Python is flexible, it allows to store functions in collections.

#!/usr/bin/python

def f():
    pass

def g():
    pass
  
def h(f):
    print (id(f))
  
a = (f, g, h)

for i in a:
    print(i)
    
h(f)
h(g)

Closures

A closure is a function that has access to variables in its outer (enclosing) function's scope,
even after the outer function has returned.
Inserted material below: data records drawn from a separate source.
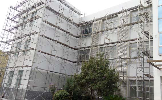 目前,辦公樓外墻裝修工作已經(jīng)過半,已完成的部分煥然一新,室內(nèi)裝修工作也在有條不紊地進行中。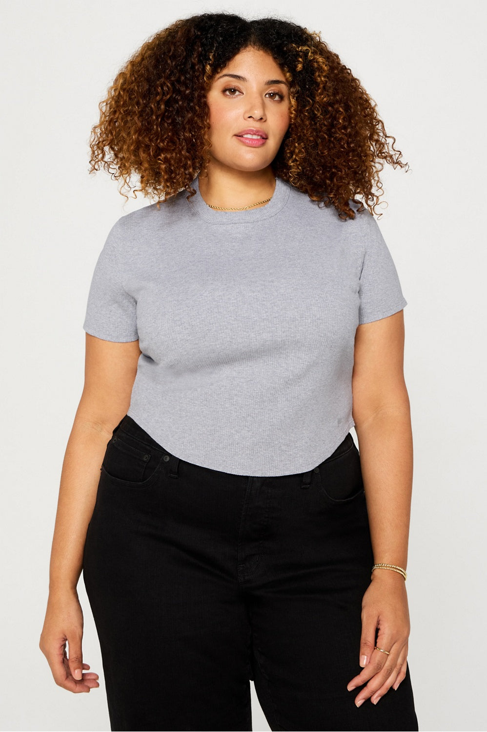 A classic baby tee, but make it fresh! This fitted top pairs perfectly with everything from shorts to denim, with its chic curved hem. The cotton rib fabric is ultra-breathable with a touch of stretch for all-day comfort.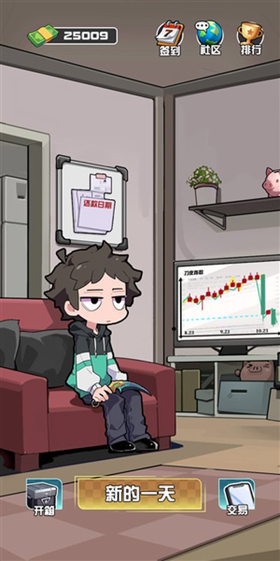 3、它给你加了个限时任务的机制,每周都得还钱,这就增加了点挑战性。不是那种可以无限挂机的玩法,让你得时刻关注市场,玩起来节奏感更强。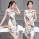2017夏装新款秋水哥弟气质淑女长裙印花收腰显瘦雪纺短袖连衣裙潮

This concept is fundamental in functional programming
languages and is often used to create self-contained functions with their own private state.

Key characteristics of a closure:

  • Function: A closure is always a function.
  • Access to Outer Variables: It has access to variables defined in its outer function's scope.
  • Persistence of State: The outer function's variables remain accessible even after the outer
    function has finished executing.
def create_counter():
    count = 0

    def increment():
        nonlocal count
        count += 1
        return count

    def get_count():
        return count

    return increment, get_count

increment, get_count = create_counter()

for _ in range(5):
    increment()

print(get_count())  # Output: 5

Common Use Cases:

  • Creating private variables: Closures can be used to create variables that are private
    to a specific function or module.
  • Implementing callbacks: Closures can be used to create functions that can be passed as
    arguments to other functions, capturing specific state.
  • Decorators: Closures are often used to implement decorators, which are functions that
    modify the behavior of other functions.
  • Memoization: Closures can be used to implement memoization techniques, which can improve
    performance by caching the results of function calls.